More than just dramatic and evocative, metaphors allow us to draw on experience from one area of life in order to bring structure, reason and understanding to another.
Sports figure prominently in everyday language: we touch base (baseball) and we try not to drop the ball (rugby). The language of boxing, in particular, permeated English from the 19th century onwards.
We like to say that we will come out swinging, pack a punch and, hopefully, beat our opponent to the punch. But we must remember to play fair and not hit below the belt – a low blow is unsportsmanlike. There is a time to pull our punches and a time to let loose; give an honest opinion, even if it upsets or offends. And when the gloves are off, no restraint or mercy is shown.
By stunning our opponent with a blow for a 10-count, we hope to win by a knockout. The term quickly came to describe anything of striking beauty, but is most apt when admiring a woman. You knock yourself out, meanwhile, when making great effort in the task at hand.
In adverse circumstances, we roll with the punches to adapt, and aim not to end up on the ropes, near collapse or defeat. If we can’t stand up after a hard blow, we are down or out for the count. Or we might take a knee (this is more old school) to concede a fight, which in everyday language means to beg off something we do not want to do.

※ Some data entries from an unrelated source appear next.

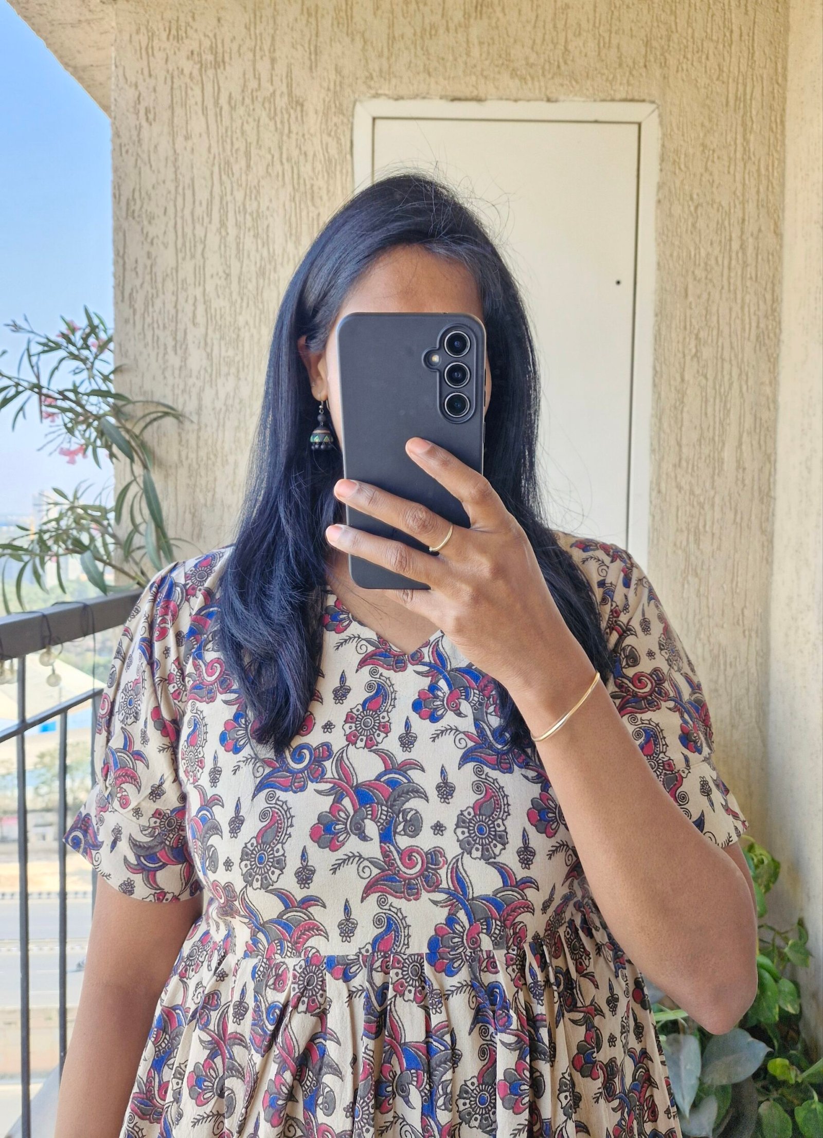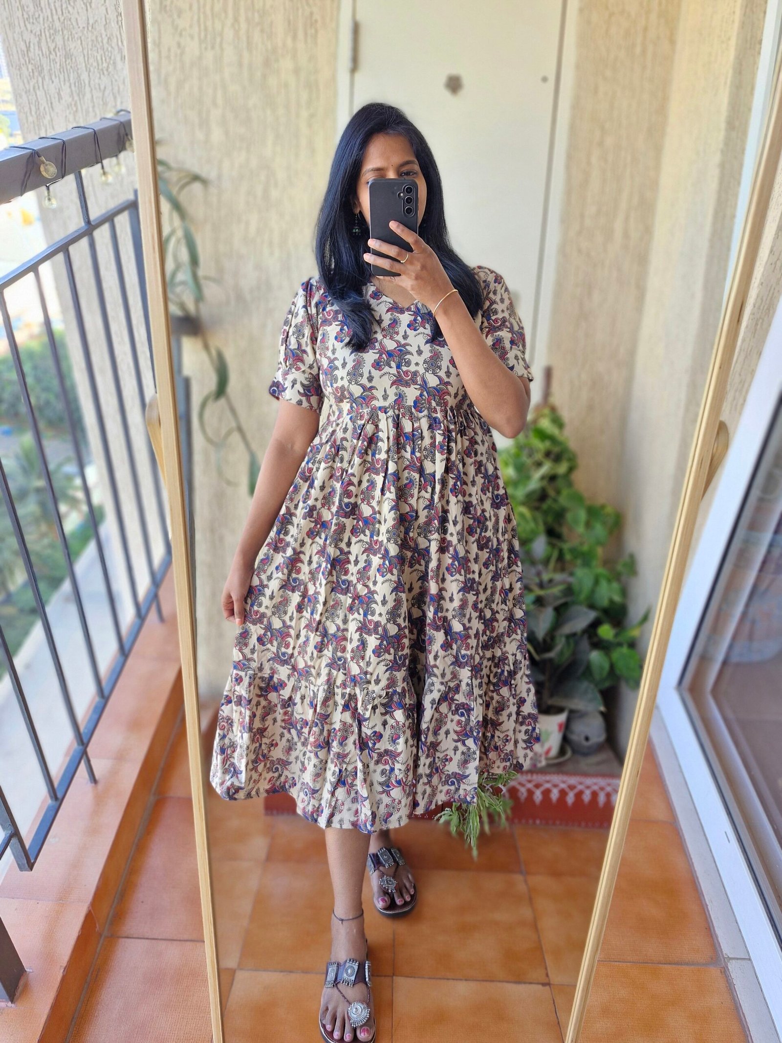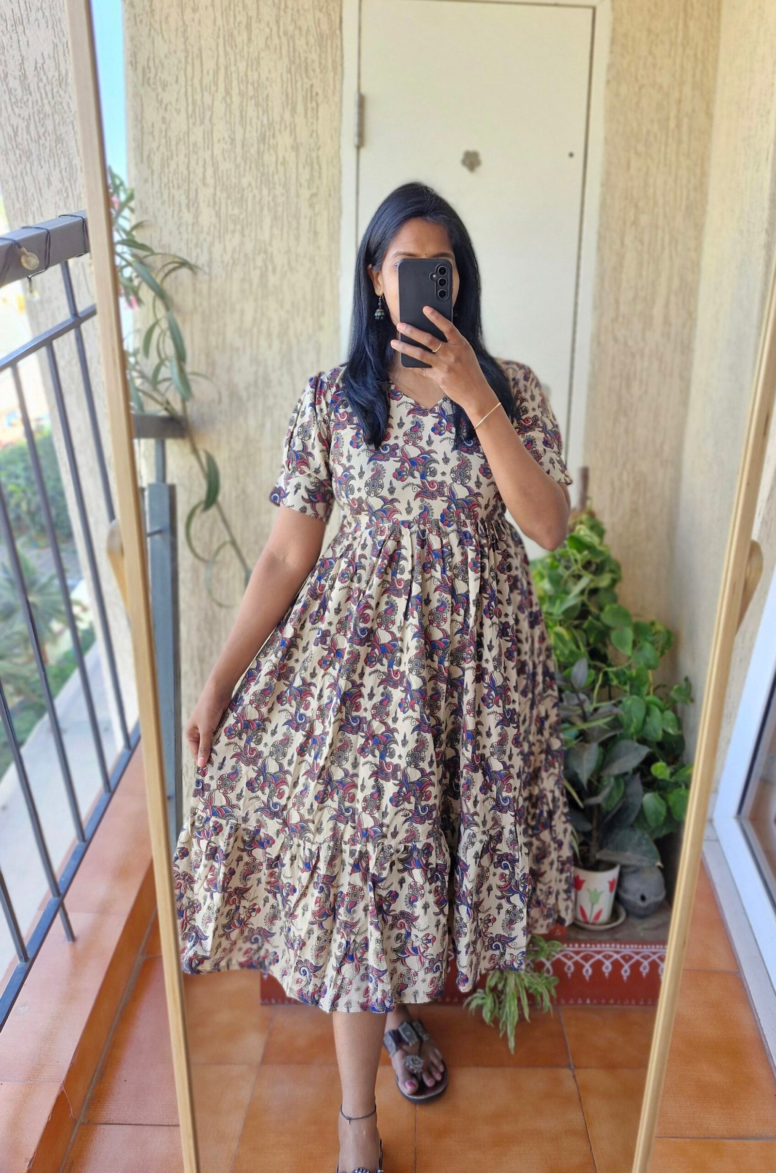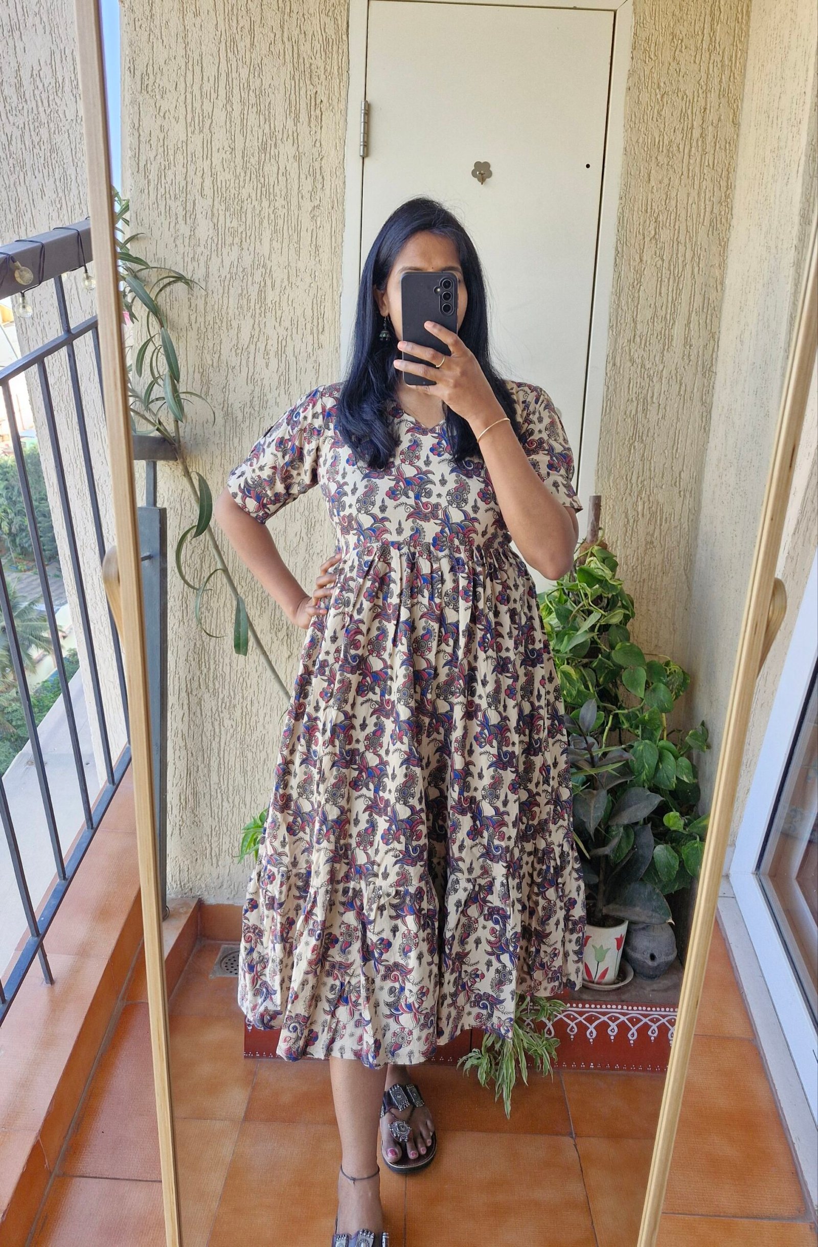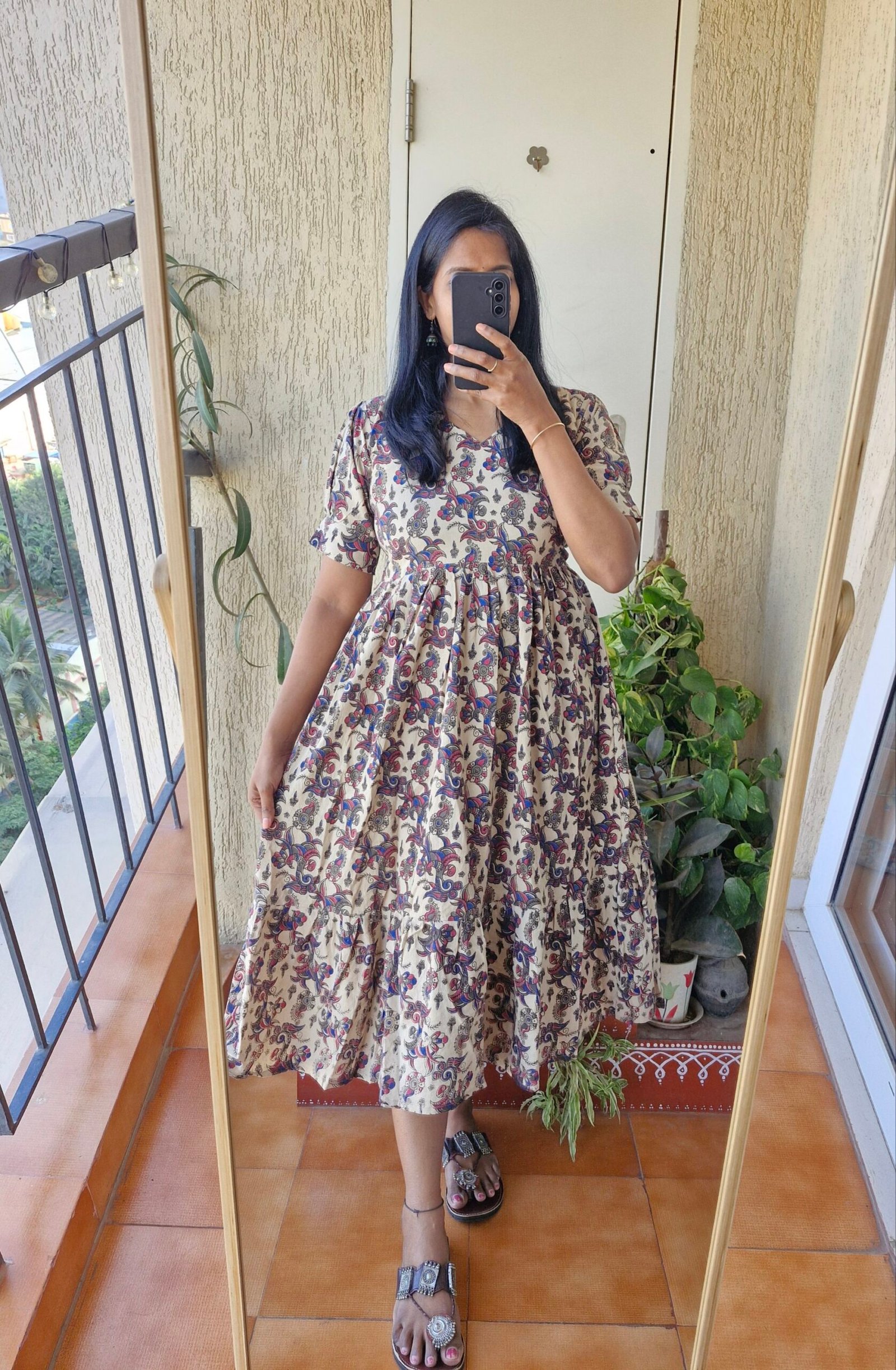 Cute Kalamkaari dress comes with a length of 46 inches has a back tieups .Can be styled as a frock or pair it with a jean or jegging to give a kurti look.This runs exact to size so if you are exact 38 choose one size up less than 38 go with 38 only.
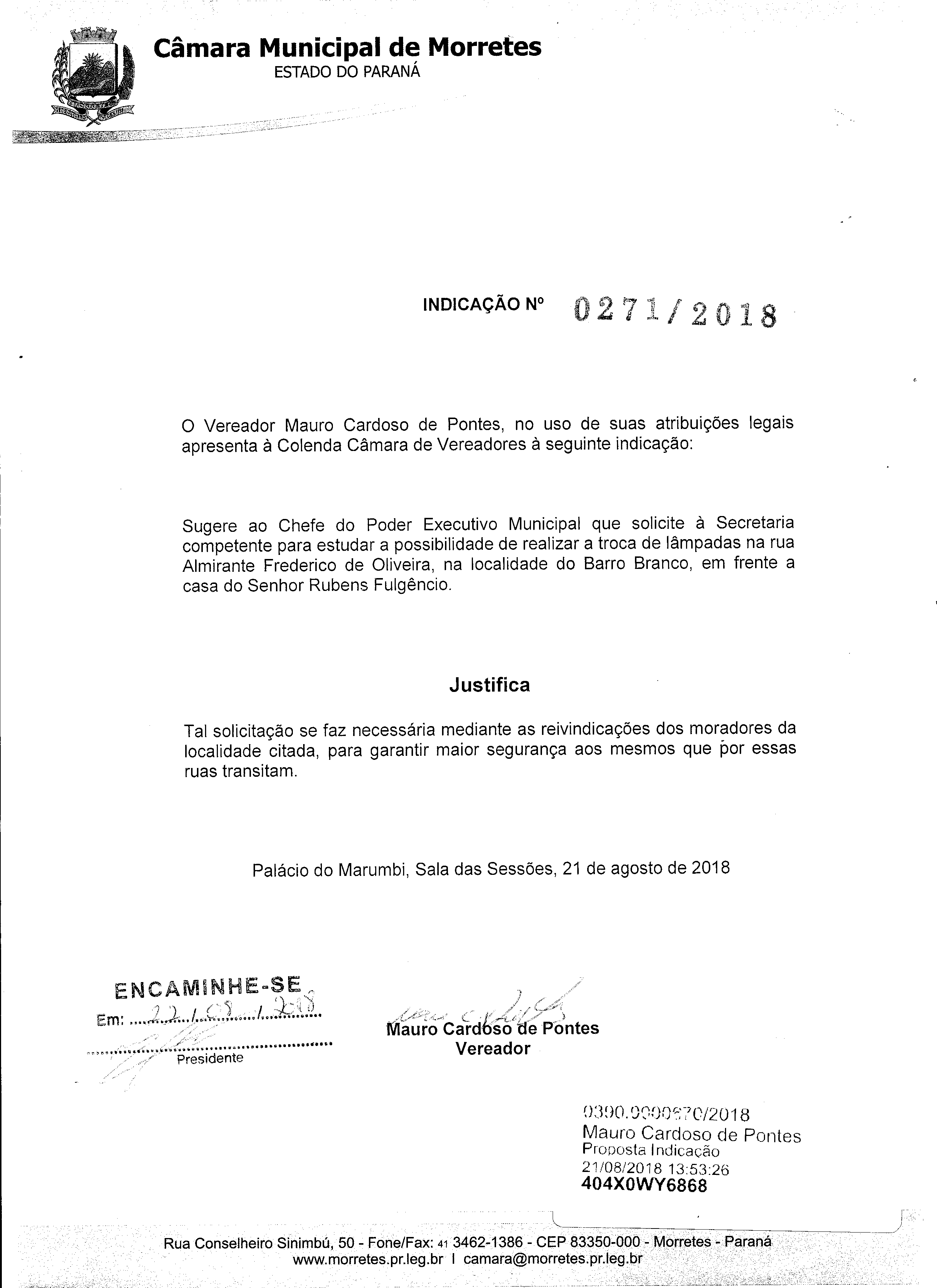 IND 271/2018 - Indicação
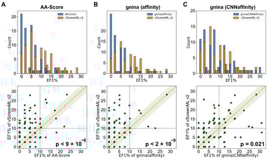 top). It is evident from the superposed histograms that AA-Score had more targets with very low EF1% values (0 to 7), whereas vScreenML 2.0 had more targets with higher EF1% values (10 and above). Extending the analysis to compare individual targets (
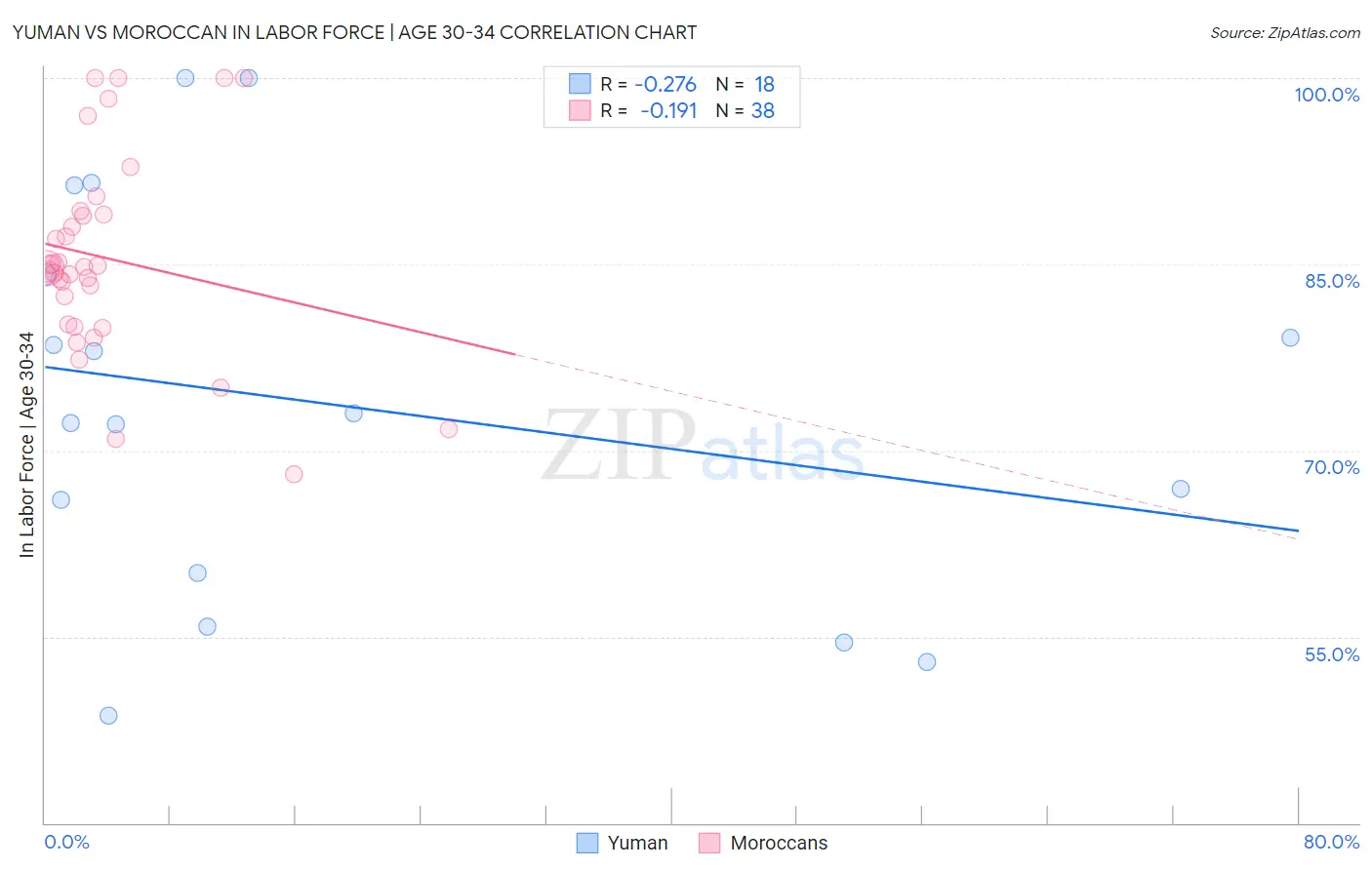 Yuman vs Moroccan In Labor Force | Age 30-34 Correlation Chart

Metaphors assume new meanings over time. Taking a knee hit the headlines in the United States in 2016 when National Football League player Colin Kaepernick knelt during the national anthem to protest against racial inequality and police brutality targeting African-Americans. To “take a knee” now signifies public opposition to the discriminatory views or practices of politicians.
In the fight that is life, then, may you always have someone in your corner. Keep your guard up. Know that even when you are down, you are not necessarily out, so don’t throw in the towel. And when things are looking truly dire, may you be saved by the bell.